Figure 9: Use of FAT by year, sorted by median use per year from least frequent to most frequent.

Based on the visualisation it seems not. If we separate out by source there also doesn’t seem to be much difference. If we use a jitter plot to visualise the data, then fit a smoothing line and compare with the line of “no change” (dashed red line), we can see that there really isn’t much of a difference by source and year:

Code
fat_annotated_filtered %>%
  ggplot(aes(x = as.factor(year), 
             y = log(frequency), 
             fill = year)) + 
  geom_jitter(alpha = 0.2) +
  geom_smooth(aes(group = source), col = "blue", method = "loess") +
  geom_hline(yintercept = 1, col = "red", lty = 3, size = 3) + 
  facet_wrap(~source) + 
  theme(axis.text.x = 
          element_text(angle = 90, vjust = 0.5, hjust=1),
        legend.position = "NA") + 
  labs(
    x = "Year",
    y = "log(frequency per 1000 words)"
  )

Figure 10: Use of FAT by year and source, split by publication.

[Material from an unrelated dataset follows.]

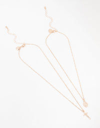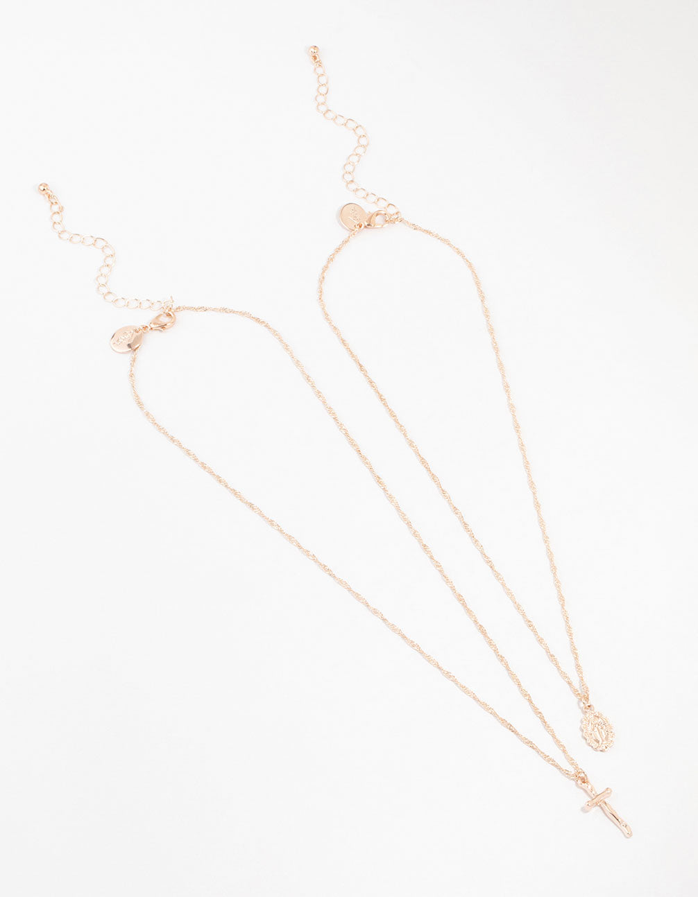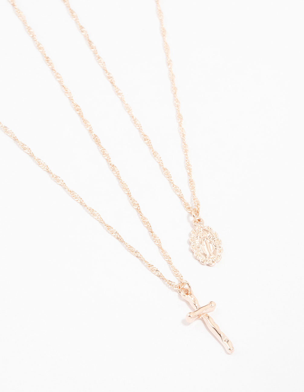 Rose Gold Plated Mary Hammered Cross Necklaces 2-Pack

There may be a subtle decrease over time in the Advertiser, Age, Canberra Times and Sydney Morning Herald, however, it is unclear whether this trend is very strong.

The distributions each year also look quite similar:

Code
fat_annotated_filtered %>%
  ggplot(aes(x = reorder(year,frequency), 
             y = log(frequency), 
             fill = year)) + 
  geom_violin() +
  theme(axis.text.x = 
          element_text(angle = 90, vjust = 0.5, hjust=1),
        legend.position = "NA")

Figure 11: Violin plot of the distributions of use of FAT by year.

Code
fat_annotated_filtered %>% 
  group_by(year) %>%
  summarise(
    mean = mean(frequency),
    median = median(frequency),
    sd = sd(frequency),
    year = (year)
  ) %>%
  distinct() %>%
  arrange(mean) %>%
  kable()
Table 8: Descriptive statistics of the use of FAT by year across the dataset.
year mean median sd
2018 2.602021 1.883246 2.687849
2019 2.793541 1.908397 2.386139
2015 3.142368 2.132351 2.599177
2010 3.347193 2.493766 3.009772
2012 3.542590 2.366867 3.768130
2016 3.559982 2.425721 3.288919
2017 3.574660 2.538071 3.578586
2008 3.961569 2.597403 4.442870
2013 4.038693 2.673797 4.032539
2009 4.125576 2.496879 5.879841
2014 4.186377 2.500000 5.015075
2011 4.249711 2.403846 4.927228

Differences in usage by source type, source and year

We can also try to simultaneously model differences by source type, source and year.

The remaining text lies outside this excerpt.